Animal Collective
Feels
[Fat Cat; 2005]
With each new album it becomes clearer that Animal Collective will not stay still. You can see them on tour and get a preview of the album to come in their live show, but aside from that, it’s difficult to tell which direction their music will go next. If you’d heard Spirit They’re Gone or Danse Manatee you could possibly have predicted the more difficult and abstract direction of Here Comes the Indian but you wouldn’t have guessed they’d make something like Campfire Songs around the same time; if you’d heard the latter you’d might hazard a guess about Sung Tongs but Feels wouldn’t necessarily strike you as the work of the same band.
That said, the newly released Feels is not a total departure from Sung Tongs, and it actually tracks it quite closely in terms of the album’s structure. It’s apparent from the first few bars of "Did You See the Words" that A.C. begins in "song" mode, setting aside for the moment the soundscaping that defined the earlier records. The first spin is a tad disconcerting because, with its electric guitar and more trad band set-up, Animal Collective sound for the first time like what they’ve always been to detractors with more outré tastes: an indie rock band. The songs proceed with a logic that has more to do with the early experiments of Mercury Rev than say, Sebadoh, but where Animal Collective previously sounded as if they were working according to an unusual set of rules, the first half of Feels exists in relationship to music history, and not just any music history, but rock.
I hear the ghosts of 1950s artists like Buddy Holly inside more straightforward pop songs "Grass" and "The Purple Bottle". On "Grass", the reverb on Avey Tare’s voice adds a hiccup to every syllable and the guitar is processed to sound at times like the rollicking boogie-woogie piano rhythm. Of course, 50 years ago no one would have made a chorus out of loud, clipped screams synchronized to bashed drums (well, maybe Jerry Lee Lewis), and the conversational vocal harmony breakdown of "The Purple Bottle" jumps ahead a decade to a highly psychedelicized Beach Boys. Such moments are why the adolescent unpredictability of Animal Collective is such an asset– they’re able to tap into the narrative of Western pop while making it their own.
Like Animal Collective’s previous full length, Feels is sequenced carefully, with jauntier, tuneful numbers leading to an amorphous back half. The two transitional songs in the record’s middle, "Bees" and "Banshee Beat", are among the best things Animal Collective has done. "Bees" imagines how a drifting pop song might sound inside the sonic universe of an Alice Coltrane album, with a trebly autoharp that is all strings and no body and sustained clusters of piano that bring to mind an ascension through clouds. "Banshee Beat" is even better. Animal Collective’s signature approach to composition– in which open chords are strummed repeatedly for longer than seems necessary to create a unique sense of tension relieved only by vocal chants and howls– finds its apotheosis over these eight minutes. "Daffy Duck" is a further exploration of the ideas presented on "Bees", and "Loch Raven" is an uncharacteristically tender electro-acoustic lullaby, vaguely Aphexian in the way it mixes sine wave drones with a simple piano line and a cluster of wordless voices.

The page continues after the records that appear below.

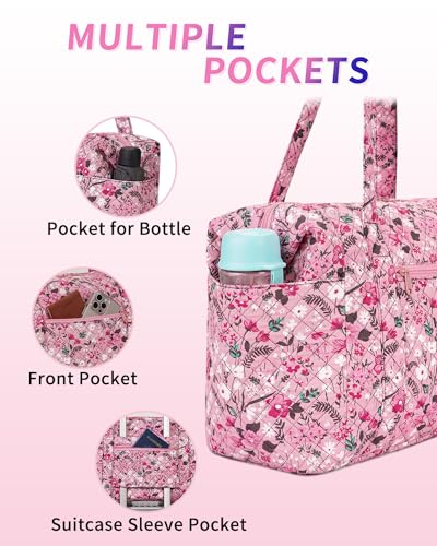 HOT ! Ceneda Travel Duffle Bag - Quilted Weekender Overnight Bags For Women with Wet Pocket & Shoe Bag, Fits Airline Approved Personal Item Size (Pink Flower)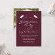 Este convite clássico e moderno para a festa de formatura apresenta um texto branco sobre um fundo burgundy. A palavra "Graduação" e o nome do formando aparecem em letra casual moderna, sob um par de bonés de conselho de argamassa branca. Personalize o convite com detalhes da parte e substitua a imagem de exemplo no verso por uma foto do seu formando.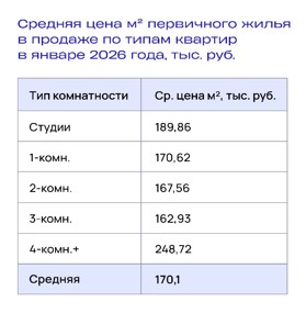 Согласно информации от аналитического сервиса для застройщиков «Объектив.РФ», к середине января 2026 года средняя цена квадратного метра на рынке новостроек Перми составила 170,1 тыс. руб. За год стоимость квадратного метра увеличилась на 11,7% — в январе 2025 года этот показатель был равен 152,3 тыс. руб.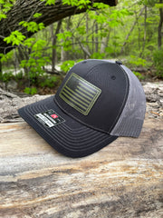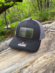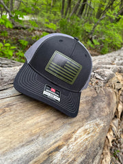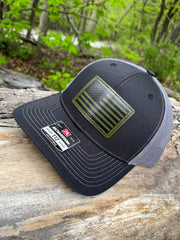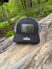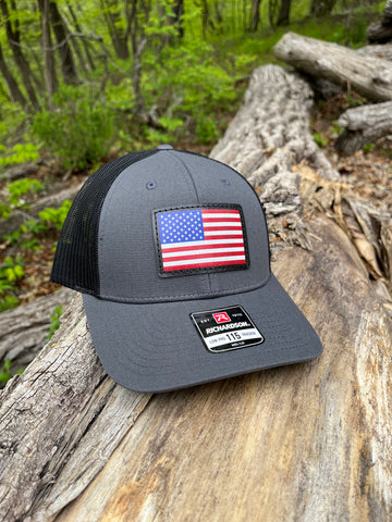 American Flag Richardson 112 Digitally Printed Leather Patch Hat- American Flag Patriotic Military Hand Stitched Real Leather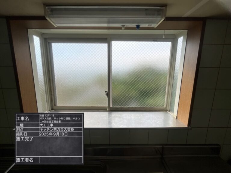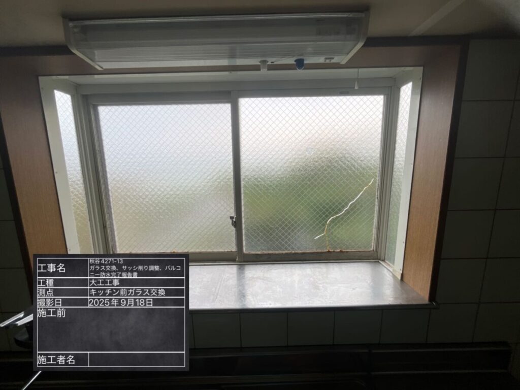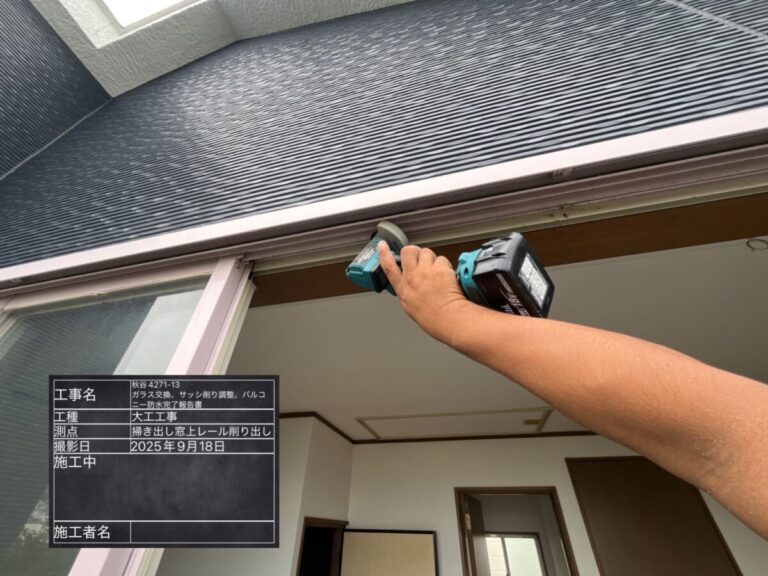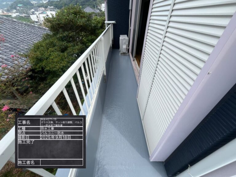 工事内容 | バルコニー防水・ガラス交換・サッシ調整・削り工事 |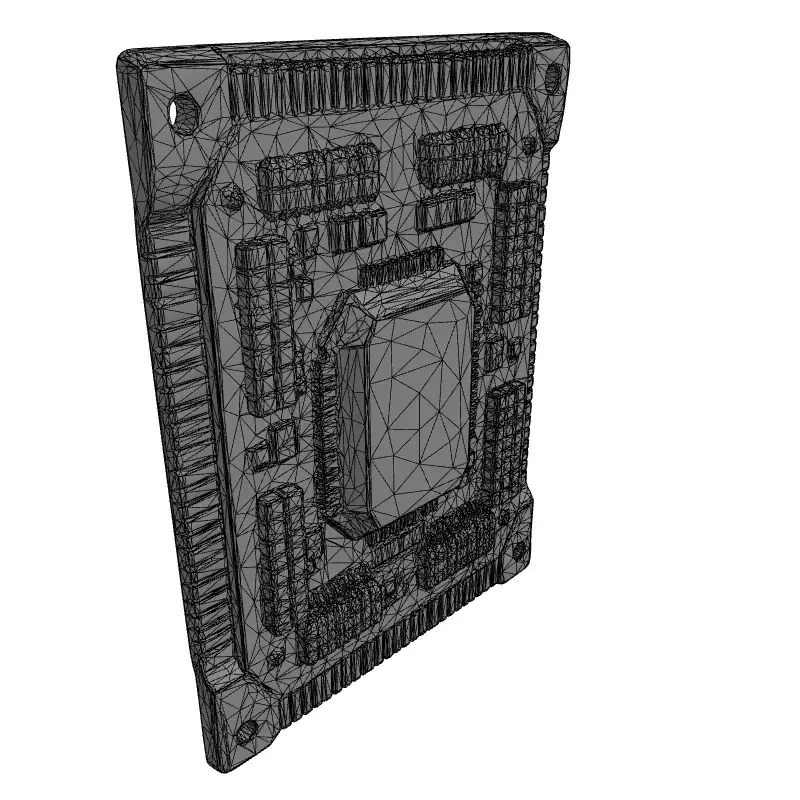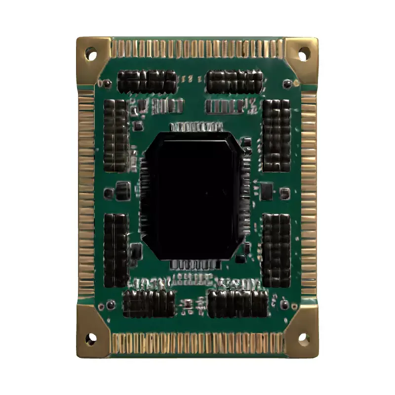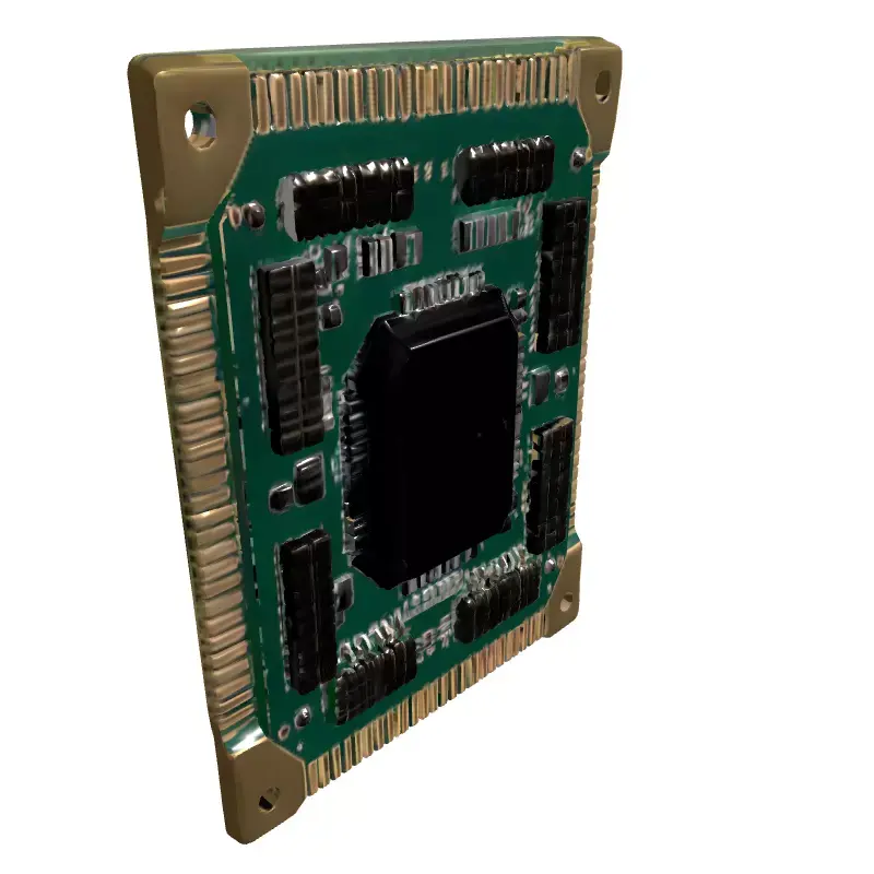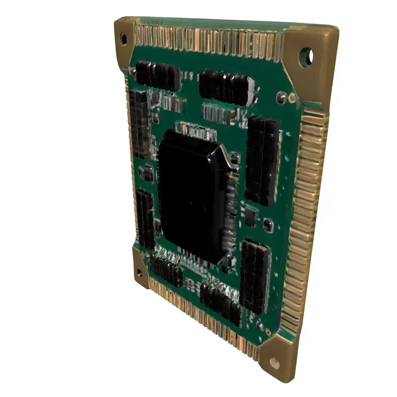 This is a meticulously crafted 3D model of an electronic circuit board module, designed with high fidelity to represent a typical computer or industrial electronic component. The model showcases a vibrant green Printed Circuit Board (PCB) densely populated with a variety of surface-mounted devices, including integrated circuits (ICs), resistors, capacitors, and a prominent central chip package. Its edges feature realistic gold-plated contacts, adding to its authentic appearance. This versatile asset is perfect for a wide range of applications, from enhancing virtual environments in game development, especially for futuristic or industrial settings, to providing realistic props for architectural visualizations of data centers, offices, or technology labs. It is also well-suited for augmented reality (AR) experiences, detailed digital art compositions, product renderings, and educational simulations. The model boasts clean, optimized topology, ensuring smooth performance in real-time applications while also being suitable for high-resolution static renderings. It comes fully UV unwrapped with PBR (Physically Based Rendering) textures, providing a consistent and realistic material representation across different rendering engines. Supported file formats include GLB, OBJ, FBX, USD, DAE, ABC, and PLY, ensuring broad compatibility. Whether you need a detailed component for close-up shots or an optimized asset for large-scale scenes, this circuit board module is ready to integrate into your projects.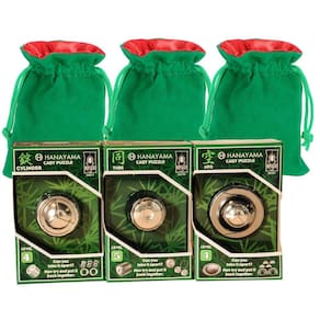 O pacote de 3 dos quebra-cabeças Hanayama mais populares do Japão inclui: TUBE (Nível 5), CILINDRO (Nível 4) e UFO (Nível 4). Prepare seu cérebro e veja se você consegue descobrir como resolver esses três quebra-cabeças muito desonestos, os “Triple Tricksters”. Ótimos para membros da família com uma mente “ao estilo de engenharia”. O objetivo desses quebra-cabeças é separar as peças. Igualmente desafiadora é a remontagem. Resolver verdadeiramente todos os quebra-cabeças de Hanayama significa que você realmente sabe quais movimentos desmontam o quebra-cabeça e quais movimentos permitem que ele seja remontado. Os quebra-cabeças Hanayama são excelentes quebra-cabeças para crianças de 12 a 105 anos. NENHUMA força é necessária para resolver esses trapaceiros. Os quebra-cabeças são pequenos, de bolso, medindo aproximadamente 1 a 1,5 polegadas de comprimento e pesando aproximadamente 3 a 4 onças cada. Embalado com 3 bolsas de cordão revestidas de veludo verde/cetim vermelho da Deluxe Games and Puzzles. As bolsas medem aproximadamente 4,5 x 3,5 polegadas na horizontal.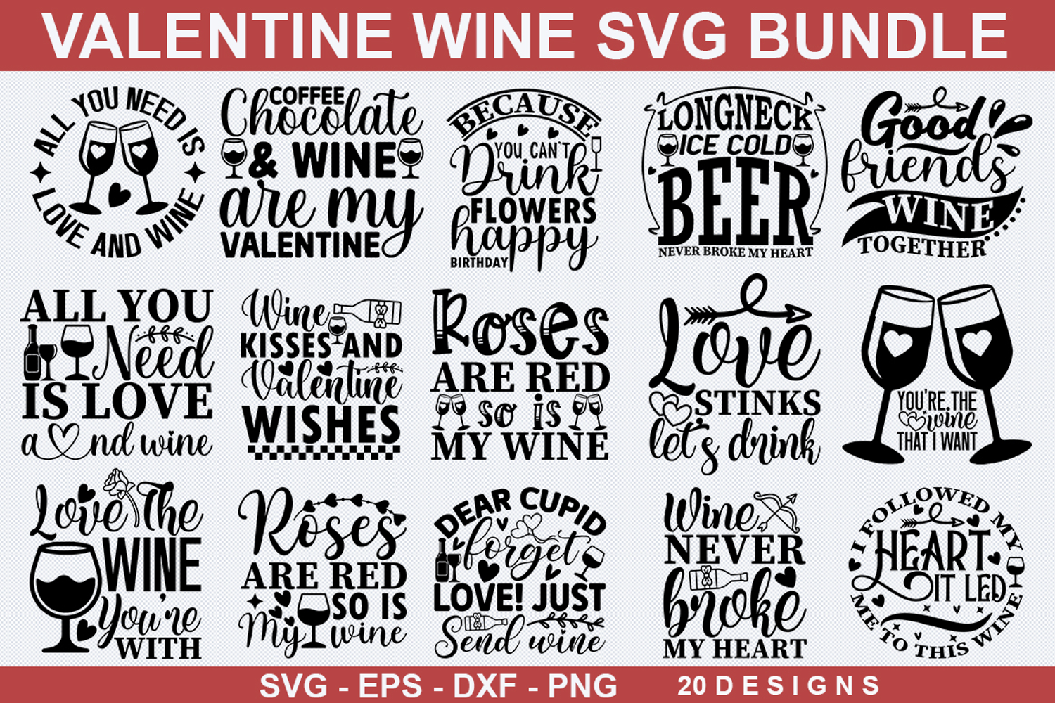 Valentine Wine SVG Bundle -Valentine's Day Design

The upbeat "Turn Into Something" brings the album back to where it started. Feels is an excellent record, one that, despite a more conventional approach, happens to get better over time. But it’s also interesting to contemplate as a chapter in the Animal Collective story. If the childhood pals can stay friends and continue to inspire each other we may have some more great records down the road. At the moment they seem on a pretty heady plateau, but you don’t get the idea listening to Feels that they’ve said nearly all they have to say.
Posted to Pitchfork by Mark Richardson on October 18, 2005.